I hoped that I would share at least part of it with her, but she had recently kept me at arm’s length. We had yet to make love again after the uneasy night together in my father’s bed. Sex with me had been an act of penance, expiating some unadmitted guilt. Whenever we met she watched me warily, hair over her eyes as if to veil any telltale signs. But I was always glad to be with her. I loved her moods and bolshieness, the cigarette stubbed out in a slushy sorbet, the adversarial relationship with her car, the handsome black cat who slept beside her like a demon husband. Everything between us inverted the usual rules. We had begun with sex of a fraught and desperate kind, followed by a long period of wooing. As far as I knew, I had never let her down, and I hoped that one day she would finally forgive me for whatever she had done to my father in the past.

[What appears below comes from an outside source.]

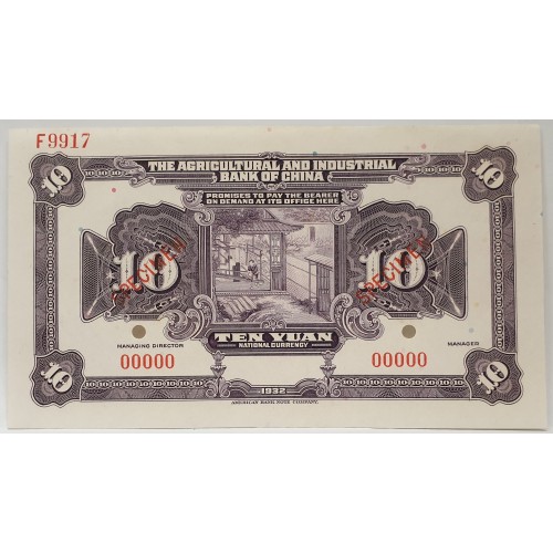 China 1932 Ten 10 Yuan Banknote. Serial: F9917 00000. Sepecimen. Uni-face.

Waiting in the traffic that approached the Metro-Centre, I watched the columns of supporters marching to their assembly points in the residential side streets. Lines of coaches were parked under the sycamores and beeches, decked with St George’s flags. Supporters now came from as far as Bristol and Birmingham, attracted by the martial mood that gripped the town, ready to stamp through the streets, cheer their lungs out and spend their savings in the retail parks that sponsored the events.

Twenty thousand visitors occupied Brooklands every weekend. In the comfortable driver’s seat of the Mercedes, I marvelled at how disciplined they were, obeying the brusque commands of the stewards steering them to the Metro-Centre, thousands of suburban crusaders emblazoned with logos and moving as one. At synchronized intervals, in an effort to keep the middle-aged blood flowing, phalanxes of ice-hockey or basketball supporters would snap to attention and mark time on the spot, arms swinging like blades in a human wind farm.

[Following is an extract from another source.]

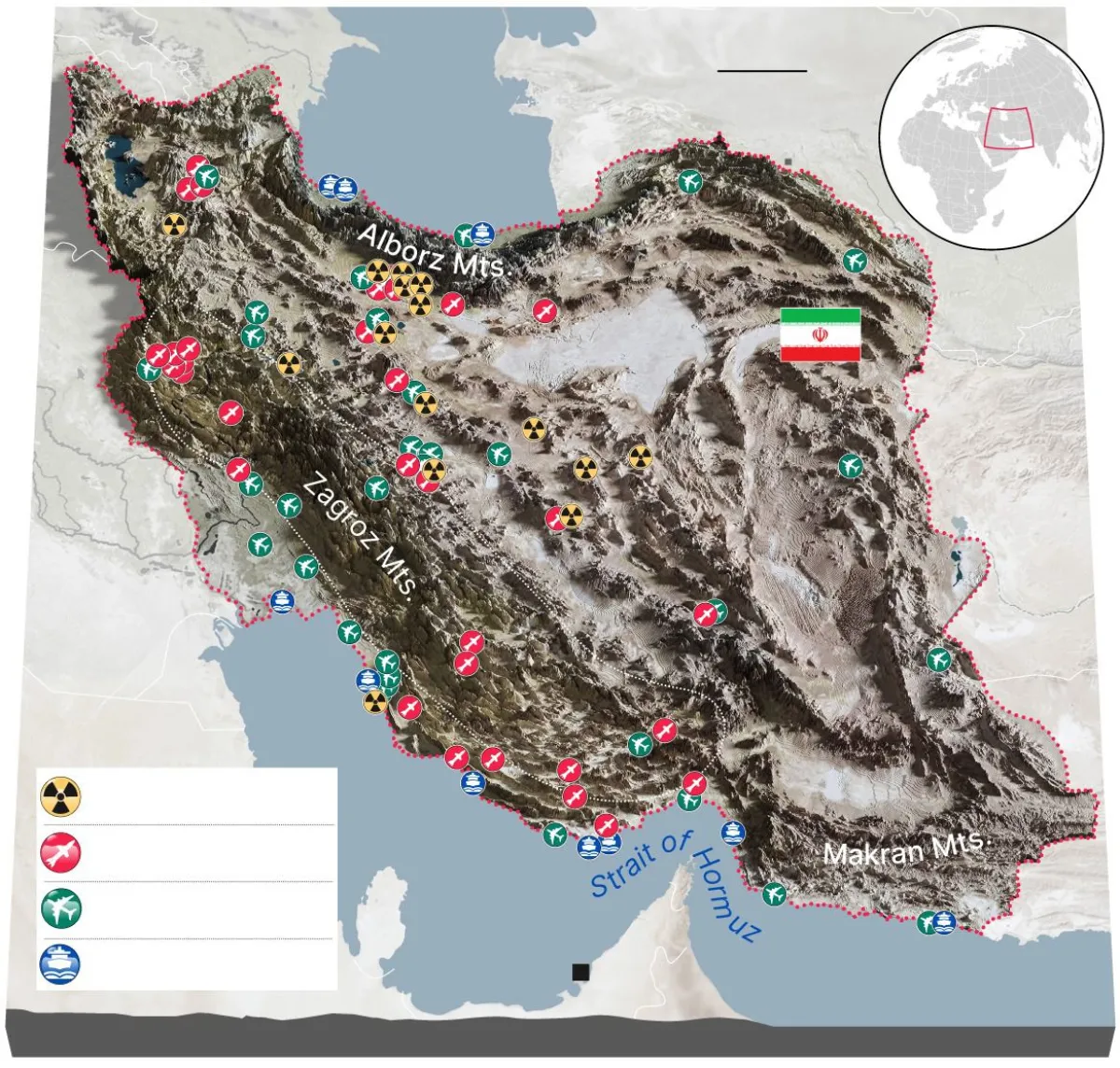Topográficamente Irán es mucho más complicado para cualquier ejército que su vecina Irak, donde predominan los valles fluviales y los desiertos planos. El norte del país, donde se encuentra la capital, está protegido por la cordillera de Elburz, que se extiende a lo largo de 600 kilómetros como una muralla desde las fronteras de Turquía y Azerbaiyán en el noroeste hasta el mar Caspio con alturas superiores a los 3.000 metros.

Impatient to get home, I checked my text messages, hoping that David Cruise had survived for forty-eight hours without me. There was a brief message from Julia, saying that she would now be working until six at the Asian women’s refuge. Brooklands High School had broken up for the summer, and Sangster had lent part of the school to Asian women and children so intimidated by sporting revellers that they refused to go home.

Impatient to see Julia, I turned into the empty bus lane and drove to the nearest side street, then set off through the residential avenues crowded with coaches. Marshals were controlling the traffic, forcing private cars to give way to the lumbering behemoths. Most of the middle-class residents detested the sports weekends, so I picked a St George’s pennant from the rear seat and clipped it to the windscreen pillar, then put on my St George’s baseball cap. At the next checkpoint I was waved through by the marshals, and exchanged vigorous salutes with them.

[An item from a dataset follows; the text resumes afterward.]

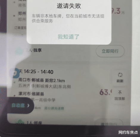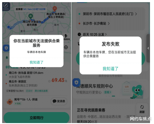 最近不少车主反映,在郑州、周口、深圳等地打开某顺风车 APP 接单时,会直接跳出 “车辆非本地车牌,在当前城市无法提供合乘服务” 的弹窗,外地车牌根本接不了单。

The cap and pennant were a disguise, but one that worked. I hated the self-importance of these pocket gauleiters, but the sense of an enemy sharpened the reflexes and lifted everyone’s spirits. Visiting league teams and their supporters were seen as friendly citizens of the new federation of motorway towns, the conference of the Heathrow tribes. Everyone in Brooklands was a friend, but out there somewhere was the ‘enemy’, constantly referred to by David Cruise on his cable programmes but never defined.

At the same time, everyone knew who the real enemy was—subversive elements in local government offices, the county establishment, the church and the old middle classes, with their jodhpurs and dinner parties, their private schools and anal-retentive snobberies. I sympathized with the marching supporters, and was ready to back them in any confrontation. They had seized the initiative and were defining a new political order based on energy and emotion. They had re-dramatized their lives, marching proudly and in step with the military enthusiasm of a people going to war, while staying faithful to the pacific dream of their patios and barbecues. All this might be part of a huge marketing strategy, but I felt revived by the strutting swagger, the discipline and rude health. There was a hint of arrogance that could be dangerous after dark, but a dash of Tabasco spiced up the dullest dish.